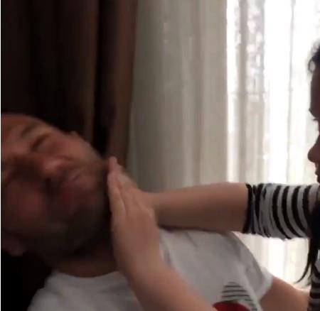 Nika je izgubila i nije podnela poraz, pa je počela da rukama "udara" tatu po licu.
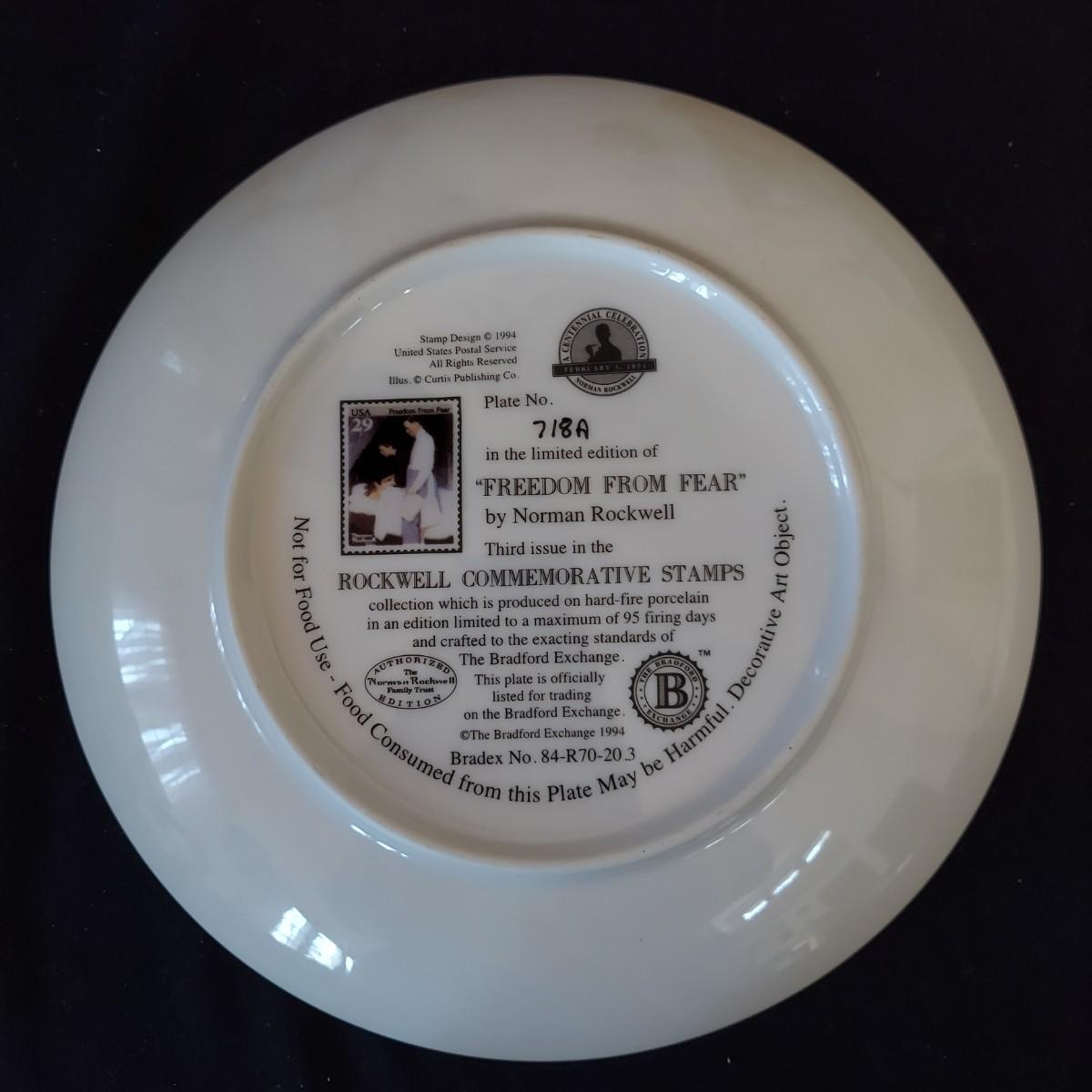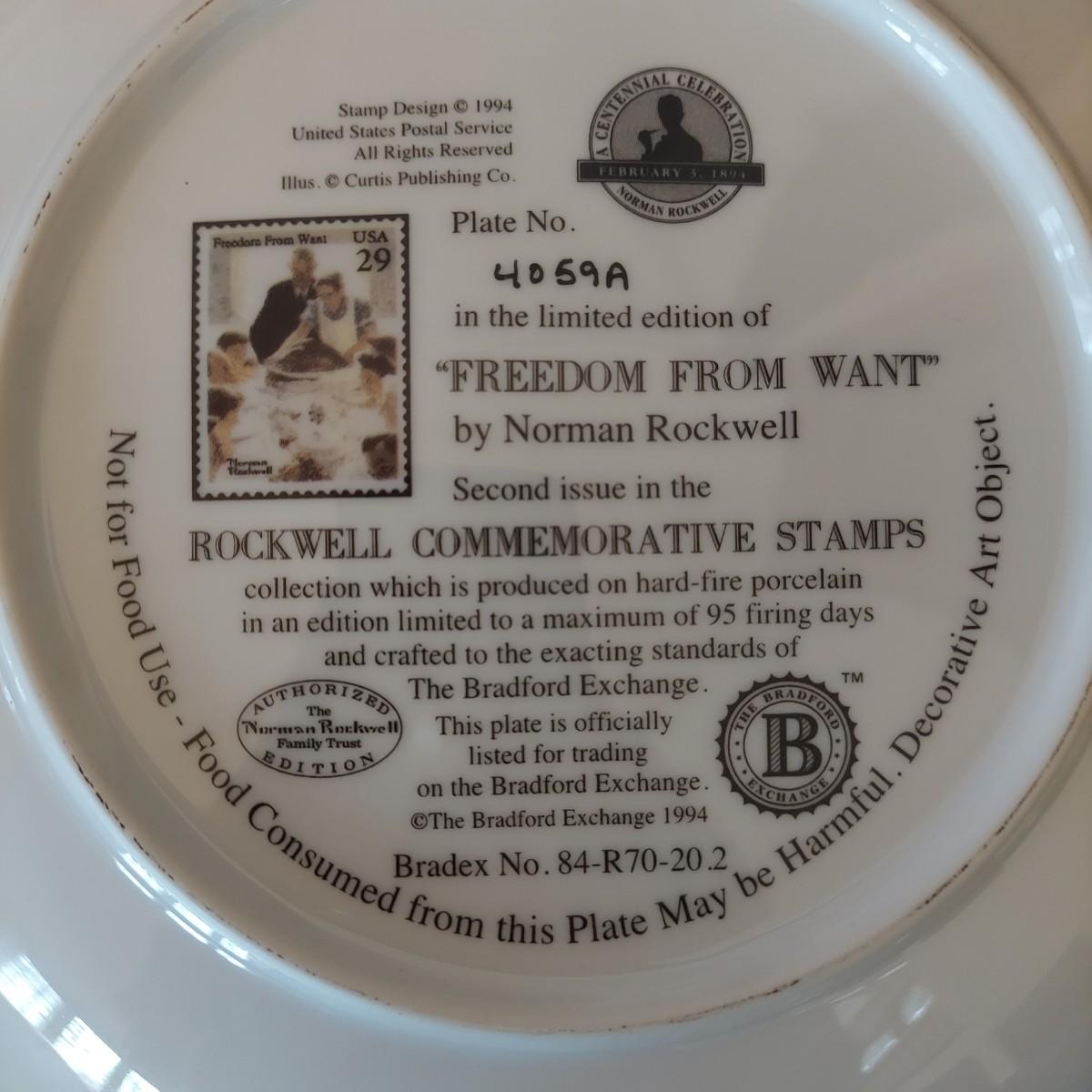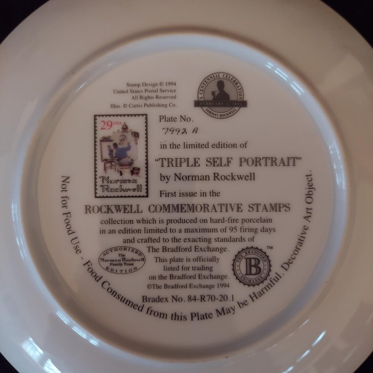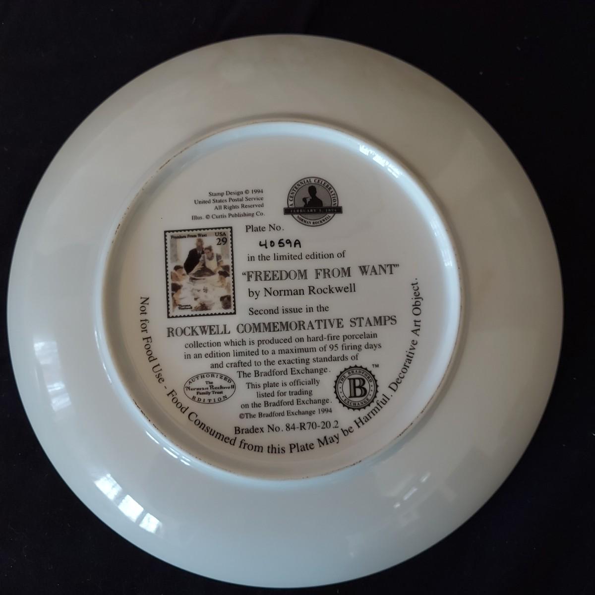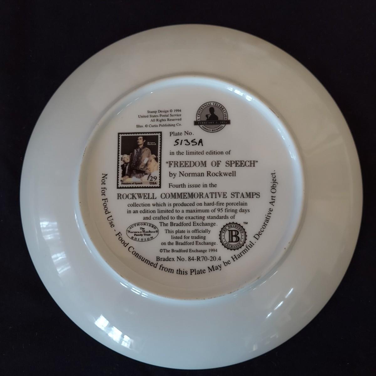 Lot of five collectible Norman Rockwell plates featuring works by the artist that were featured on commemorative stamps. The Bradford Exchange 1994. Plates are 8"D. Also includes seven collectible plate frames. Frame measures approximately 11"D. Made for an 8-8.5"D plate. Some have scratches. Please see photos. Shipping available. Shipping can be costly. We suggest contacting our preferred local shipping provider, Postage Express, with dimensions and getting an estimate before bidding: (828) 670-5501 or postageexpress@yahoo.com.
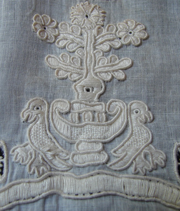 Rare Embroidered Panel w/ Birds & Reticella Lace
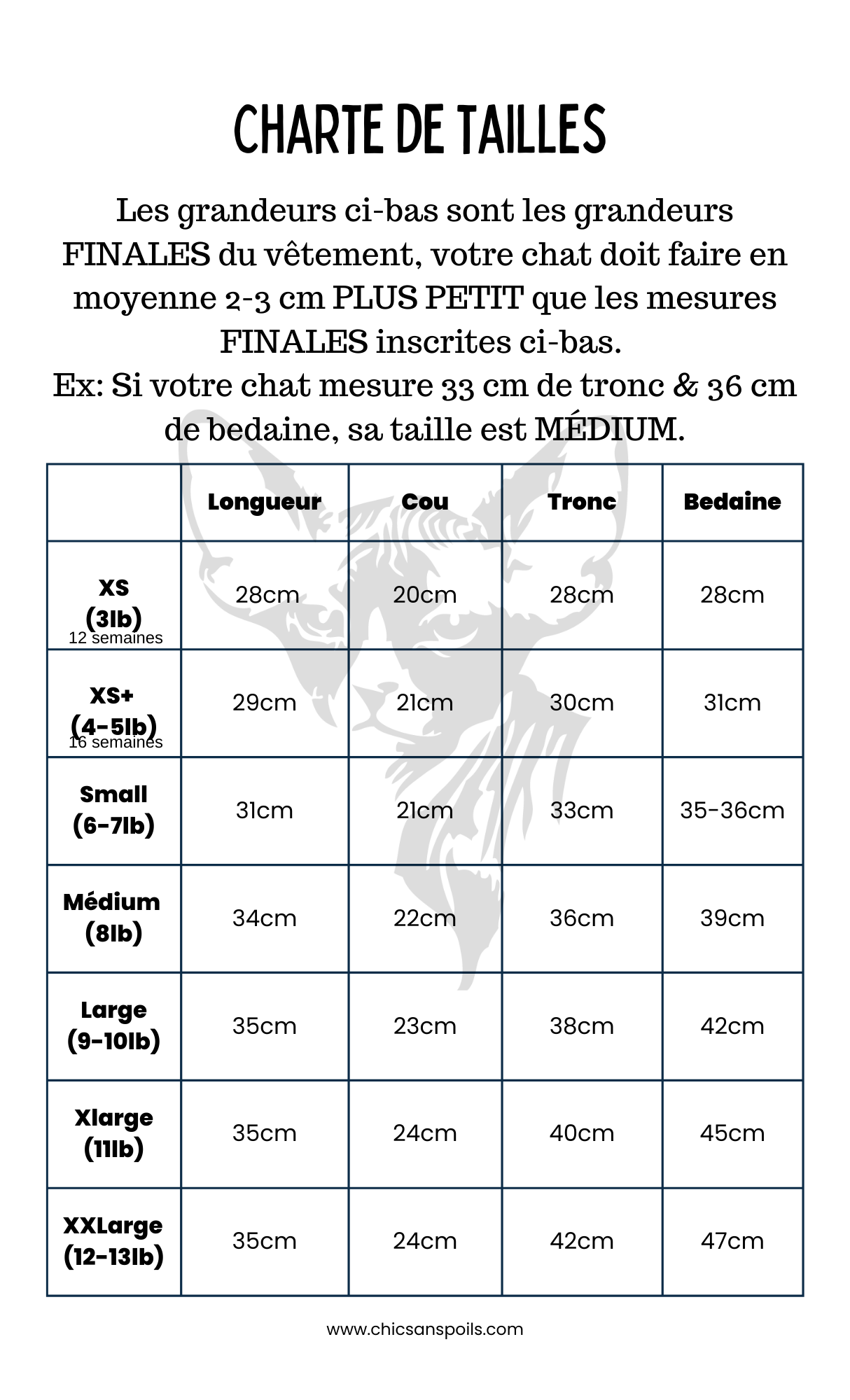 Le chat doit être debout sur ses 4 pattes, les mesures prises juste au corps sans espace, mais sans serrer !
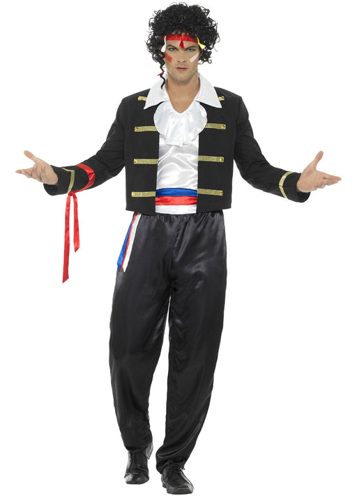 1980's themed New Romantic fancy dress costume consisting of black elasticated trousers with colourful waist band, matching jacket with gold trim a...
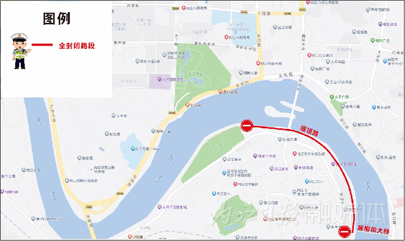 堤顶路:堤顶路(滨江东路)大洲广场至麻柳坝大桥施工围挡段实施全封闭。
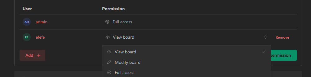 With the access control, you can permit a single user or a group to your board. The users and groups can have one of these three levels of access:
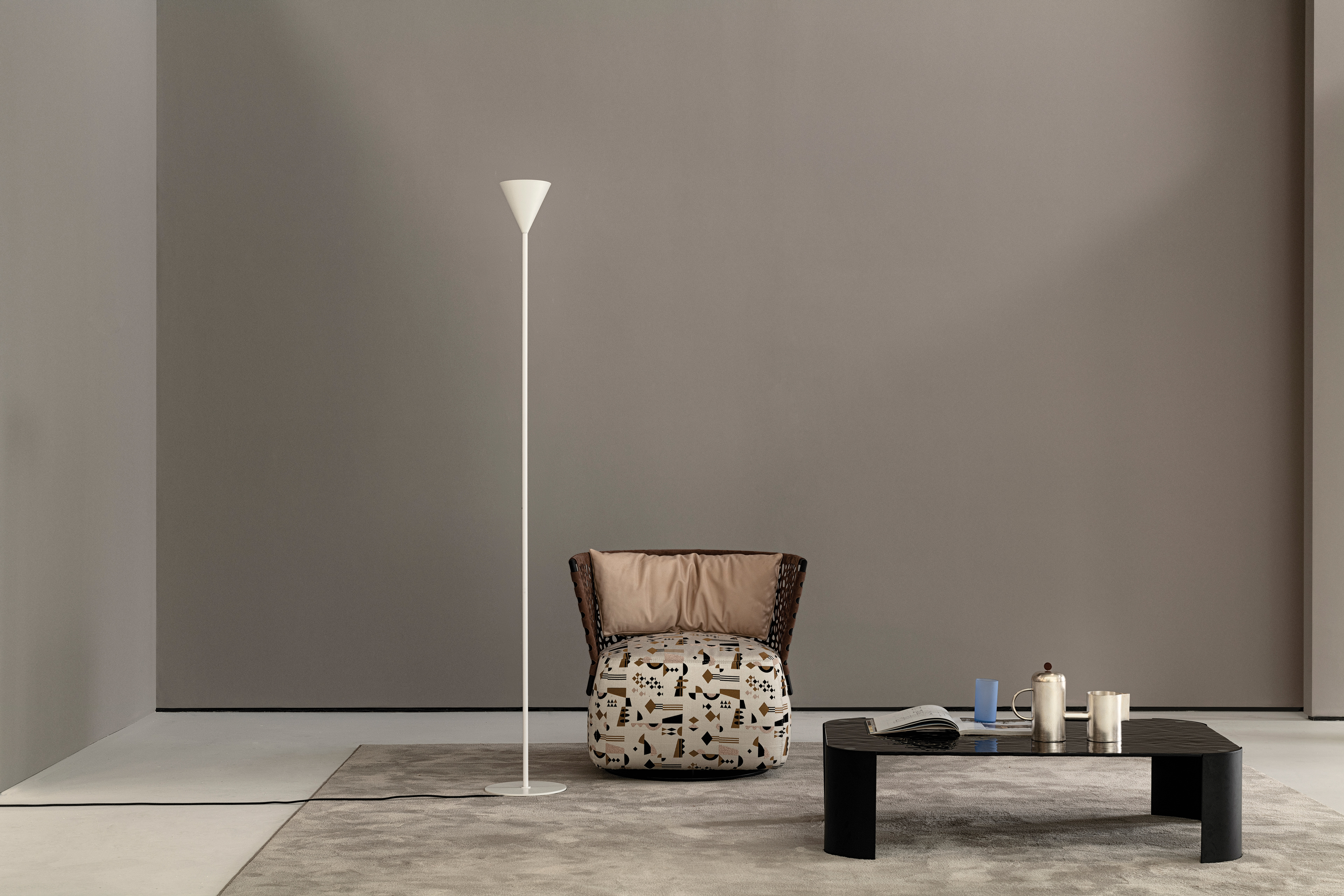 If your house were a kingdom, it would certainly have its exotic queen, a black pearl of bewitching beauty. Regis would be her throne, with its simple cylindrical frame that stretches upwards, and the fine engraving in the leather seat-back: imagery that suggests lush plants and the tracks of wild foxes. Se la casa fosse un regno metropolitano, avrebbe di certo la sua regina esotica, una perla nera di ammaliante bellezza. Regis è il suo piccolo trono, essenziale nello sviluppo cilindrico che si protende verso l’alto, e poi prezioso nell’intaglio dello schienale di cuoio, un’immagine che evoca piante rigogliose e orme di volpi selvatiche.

-.-.-

■ BRIEF ■
Each line from the top of the records through the one containing "With the access" needs to be transcribed exactly, without pictures.

■ RESULT FOR THIS TASK ■
 Nika je izgubila i nije podnela poraz, pa je počela da rukama "udara" tatu po licu.
 Lot of five collectible Norman Rockwell plates featuring works by the artist that were featured on commemorative stamps. The Bradford Exchange 1994. Plates are 8"D. Also includes seven collectible plate frames. Frame measures approximately 11"D. Made for an 8-8.5"D plate. Some have scratches. Please see photos. Shipping available. Shipping can be costly. We suggest contacting our preferred local shipping provider, Postage Express, with dimensions and getting an estimate before bidding: (828) 670-5501 or postageexpress@yahoo.com.
 Rare Embroidered Panel w/ Birds & Reticella Lace
 Le chat doit être debout sur ses 4 pattes, les mesures prises juste au corps sans espace, mais sans serrer !
 1980's themed New Romantic fancy dress costume consisting of black elasticated trousers with colourful waist band, matching jacket with gold trim a...
 堤顶路:堤顶路(滨江东路)大洲广场至麻柳坝大桥施工围挡段实施全封闭。
 With the access control, you can permit a single user or a group to your board. The users and groups can have one of these three levels of access:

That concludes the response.